WGA asks for ‘strike authorisation’ as talks with AMPTP hit two-week mark

Disruption to US scripted productions has become slightly more likely after The Writers Guild of America (WGA) asked for its members to vote on strike authorisation.

The move had been widely expected and follows the first two weeks of discussions between the WGA and the Alliance of Motion Picture and Television Producers (AMPTP) as they attempt to thrash out a new contract.

The WGA said the AMPTP had not offered “meaningful responses on the core economic issues in any of the WGA’s primary work areas,” including episodic TV and comedy-variety.

It added that while the AMPTP had “listened politely” to presentations, it had made “small moves in only a few areas” and pushed back on others that “offset any gains.”

The letter to members added: “The studios need to respond to the crisis writers face. WGA members must demonstrate our willingness to fight for the contract writers need and deserve by supporting a strike authorisation vote.”
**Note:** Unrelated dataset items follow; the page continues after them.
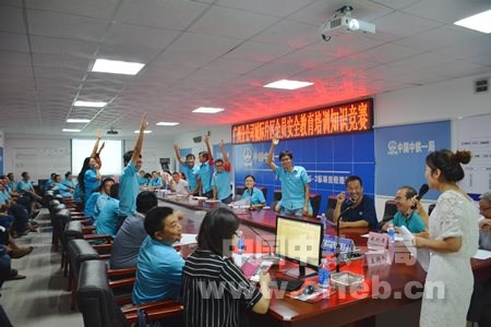 此次競(jìng)賽結(jié)合全員安全教育培訓(xùn)活動(dòng)要求,競(jìng)賽內(nèi)容既有安全操作規(guī)范、安全法規(guī)類(lèi)題目,又有緊密聯(lián)系施工現(xiàn)場(chǎng)安全管理、安全操作的實(shí)踐類(lèi)題目,競(jìng)賽由個(gè)人必答題、搶答題、集體共答題3個(gè)環(huán)節(jié)組成。參賽隊(duì)員在比賽過(guò)程中充分發(fā)揮聰明才智,個(gè)人必答題環(huán)節(jié)往往是主持人話音剛落,選手的答案便脫口而出;最為激烈的搶答題環(huán)節(jié),未等主持人念完題目,就有選手高高舉起手臂搶著答題,前兩個(gè)環(huán)節(jié)中幾乎沒(méi)有任何一個(gè)選手出現(xiàn)失誤;集體共答題環(huán)節(jié),選手抓住每題得分點(diǎn)詳盡敘述,表現(xiàn)出了較強(qiáng)的團(tuán)隊(duì)精神和個(gè)人實(shí)力,整個(gè)競(jìng)賽你追我趕,互不示弱,場(chǎng)面氣氛熱烈。競(jìng)賽中還融入了觀眾參與搶答,調(diào)動(dòng)了全體員工共同參與的熱情。經(jīng)過(guò)近一個(gè)小時(shí)的激烈決逐,最終各代表隊(duì)按得分多少?zèng)Q出第1、2、3名,東平2號(hào)隧道分部代表隊(duì)勇奪第一名,佛肇項(xiàng)目部代表隊(duì)贏得第二名,東平新城車(chē)站分部排名第三。公司領(lǐng)導(dǎo)為參加競(jìng)賽代表隊(duì)選手頒發(fā)了獎(jiǎng)品和紀(jì)念品。
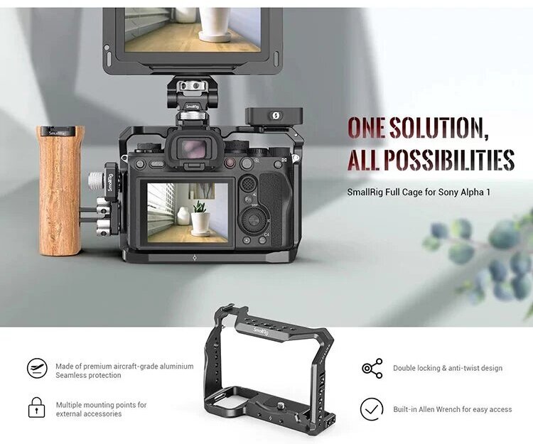 Прочная клетка для камер Sony A1 и A7S III, выточенная из цельного бруска алюминия. Множество резьбовых гнезд 1/4"-20, 3/8"-16 и Arri 3/8”, холодный башмак (сверху) и планка НАТО (слева) позволяют установить всё разнообразие дополнительных аксессуаров, в том числе: верхние и боковые ручки, мониторы, рекордеры, микрофоны, лампы постоянного света, фиксаторы для кабелей и 15-мм направляющие. Предусмотрены проушины для ремня, в том числе кистевого. Клетка обеспечивает камере защиту от случайных ударов, одновременно предоставляя свободный доступ к батарее, карте памяти, всем интерфейсам и органам управления. Вес клетки составляет всего 194 г.
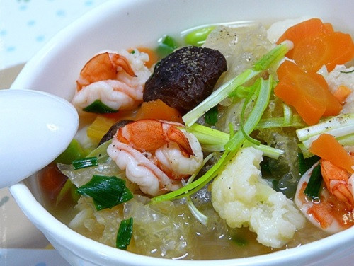 Canh bóng không chỉ ngon mà còn hấp dẫn thực khách bởi màu sắc sinh động: Đỏ của cà rốt, xanh bông cải xanh và đậu Hà Lan, trắng trong của bóng bì, nâu sậm của nấm hương, vàng của chả cá...
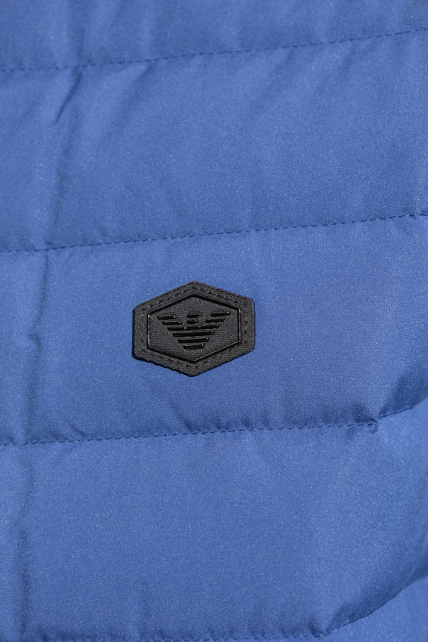 Dark blue down jacket with a stand collar from Emporio Armani. Fastened with a two-way zip, this garment features a black logo patch, two snap-fastened pockets and long sleeves with ribbed cuffs.
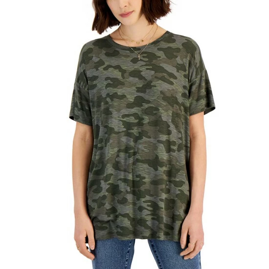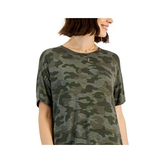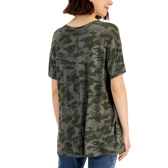 Command their attention in this cool petite T-shirt from Style & Co, a camo-print design with a perfectly-slouchy loose silhouette.
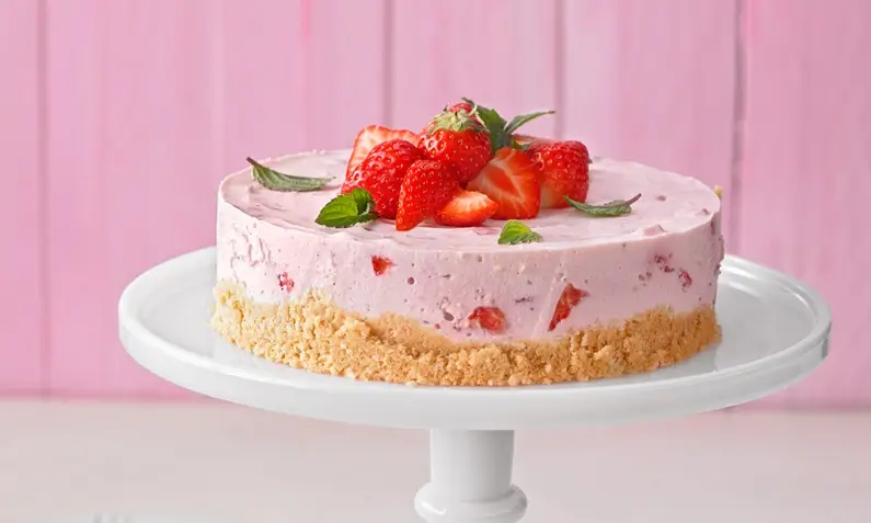 Die Creme auf den Tortenboden geben und im Kühlschrank oder Gefrierfach fest werden lassen.
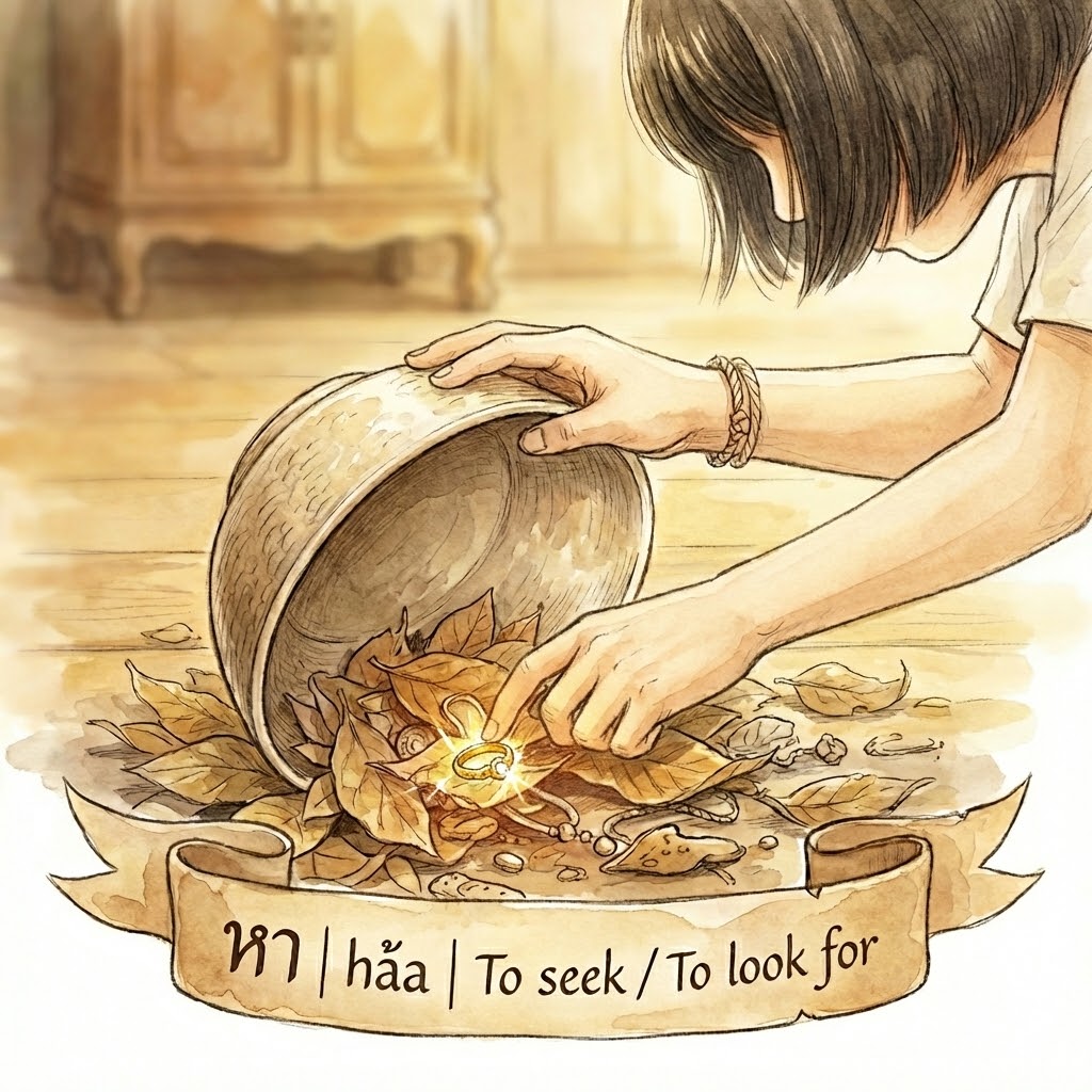 Beyond the literal Seeking, hǎa is used in: 1) หาเรื่อง 📣 (hǎa-rûeang—Seeking matter): Picking a fight or looking for trouble. 2) หากิน 📣 (hǎa-gin—Seeking eat): Making a living or earning money to survive.
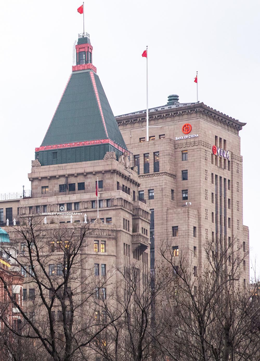 而工部局考慮到一旁沙遜大廈(外灘22號,今和平飯店)的顏面,利用各種手段迫使中行讓步。經過反覆談判,大樓只建到了17層,最終略低於沙遜大廈的塔尖。當時的中國人想了個辦法,在屋頂兩邊豎了兩根旗杆,就在視覺高度上超過沙遜大廈了。
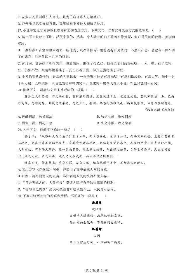 2025北京人大附中高一上册期末语文试卷(有答案) 电子版试卷获取,后台回复:试卷
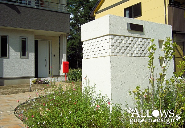 道路から玄関までがとても長いお宅ですが、視線を遮るものが何もないとどこか落ち着かないものです。そこで、シンボルとなる門柱をアイ・ストップとなるように設置しました。オリジナリティ溢れるこの門柱は、お洒落で存在感も抜群です。
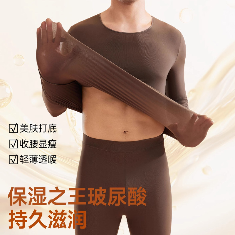 发热无痕保暖套装男士美肤肌底衣隐形面膜秋衣秋裤冬季玻尿酸超薄
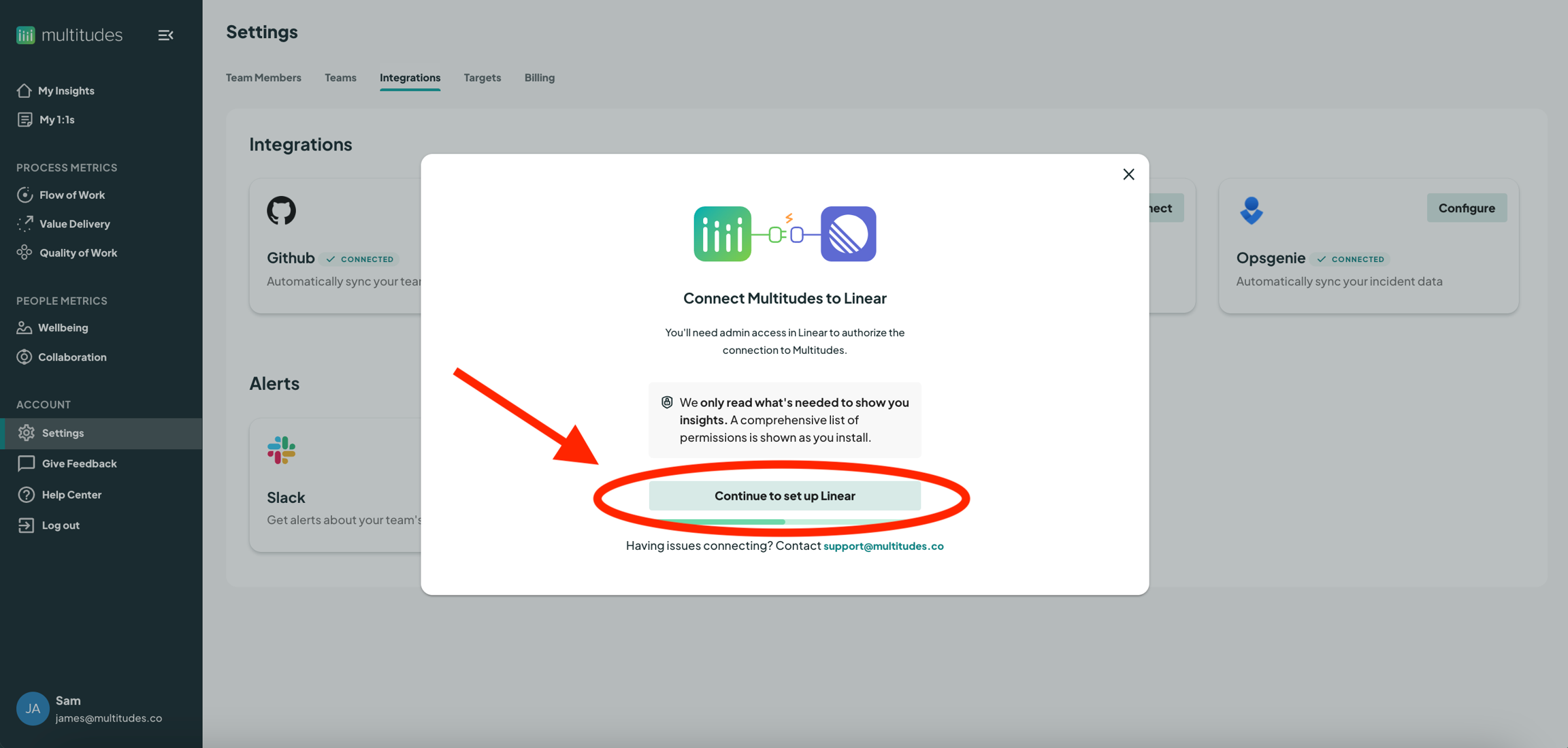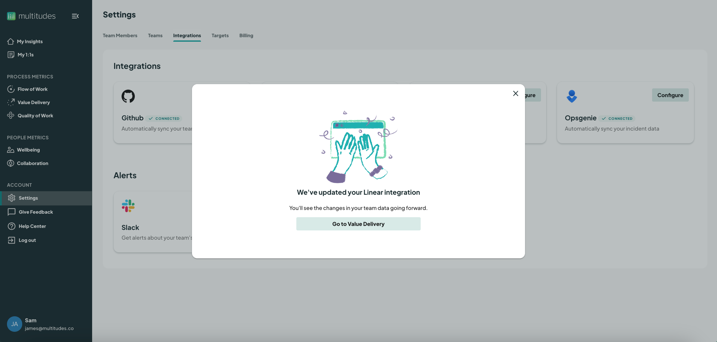 On the Multitudes app, go to the Integrations page (from the menu, find Account, click Settings, then click the Integrations tab across the top). Find the card that says Linear in the top Integrations section and click ‘Connect’ at top right.
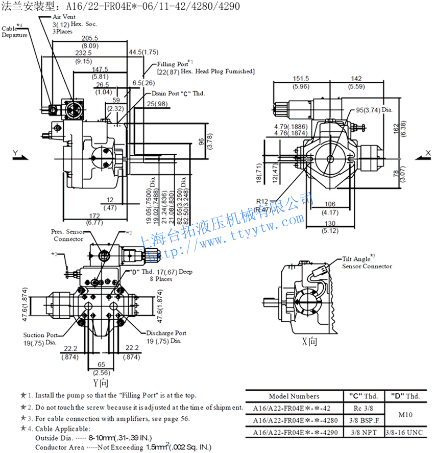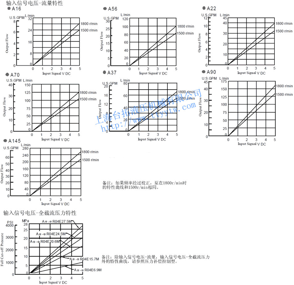 壓力/DC5V20.5 22.7 A22 22.2 16 16 40.0 20.5 22.7 A37 36.9 16 21 66.4 32.0 36.3 A45 45.0 16 17.2 81.0 32.0 36.3 A56 56.2 16 21 101.2 39.0 43.3 A70 70.0 25 28 126.0 64.0 76.0 A90 91.0 25 28 163.0 76.5 97.0 A100 100.0 21 21 180.0 76.5 97.0 A145 145.0 25 28 261.0 96.4 121.4 備注★1.調(diào)節(jié)壓力時(shí),必須確保全截流壓力永不超過允許的大壓力?!?.泵在壓力高于額定值情況下使用時(shí),泵工作條件應(yīng)受限制?!?.最流量因軸轉(zhuǎn)速而異,上表所列數(shù)值是軸轉(zhuǎn)速為1800r/min{rpm}時(shí),對(duì)于其他轉(zhuǎn)速,可依軸速的比例進(jìn)行計(jì)算。
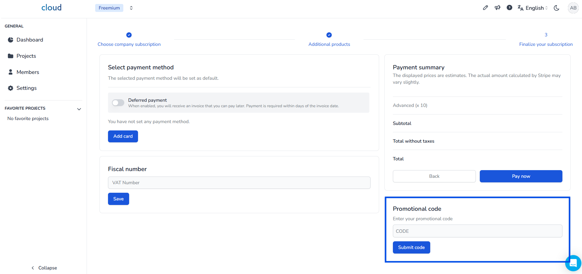 여기에서는 청구 정보를 입력해야 하는데, 이는 회사 이름, 전화번호 및 주소와 선택적으로 세금 번호를 포함하는 일반적인 필드입니다. 이는 올바른 송장을 발송하여 회계사가 사용할 수 있도록 합니다.
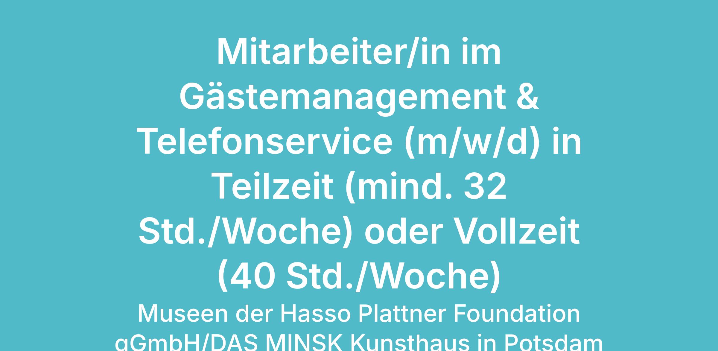 Die Museen der Hasso Plattner Foundation gGmbH sucht zum nächstmöglichen Zeitpunkt:
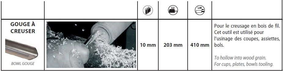 - Gouge à creuser : 10 mm 203 mm 410 mm
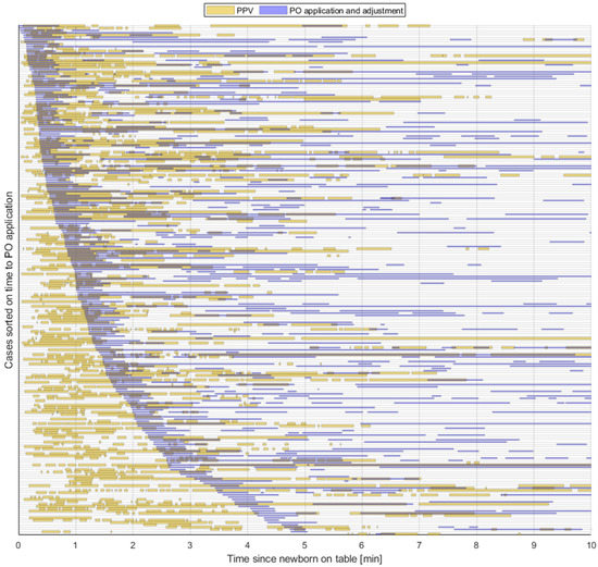 The figure shows 222 newborns that received PPV at birth and had PO applied. Each horizontal line represents a newborn from the time of placement on the resuscitation table (time = 0) and the first consecutive ten minutes. Provision of PPV is illustrated in orange lines. Application and/or adjustment of PO is illustrated in blue lines. Newborns are sorted by time from placement on the resuscitation table to start application of PO. PPV = positive pressure ventilation, PO = pulse oximetry.
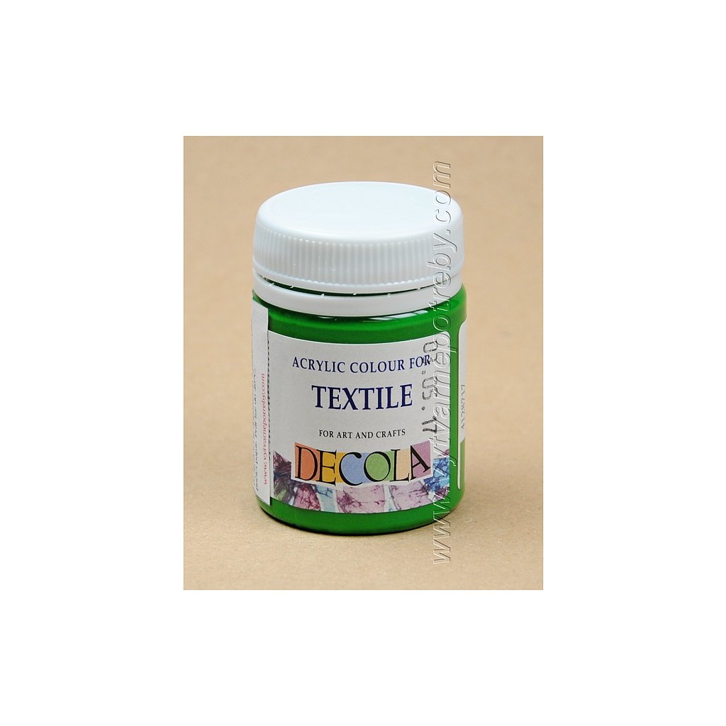 Akrylová barva na světlý i tmavý textil. Barvy DECOLA TEXTILE mají objem 50 ml., jsou navzájem míchatelné, vhodné pro malbu štětcem, válečkem i razítkování. V nabídce je 29 základních , 9 perleťových, 7 fluorescentních a 3 metalické odstíny.| Kategorie: | Barvy na textil |

The AMPTP has previously said it intends to keep productions on track during negotiations with the WGA, as subjects ranging from streaming residuals to writers room size are discussed.

The current Minimum Basic Agreement is set to end on 1 May and ahead of the talks, the AMPTP – which leads discussions for the major US studios – said its members were focused on “the long-term health and stability of the industry as our priority.”

The WGA is focusing on raising basic wages, residuals from streaming and the use of smaller writers rooms to cut costs.

A strike in 2017 was narrowly averted but a decade before, writers walked out for 100 days in a move that forced shows such as Breaking Bad to cut episodes to deal with the fall-out.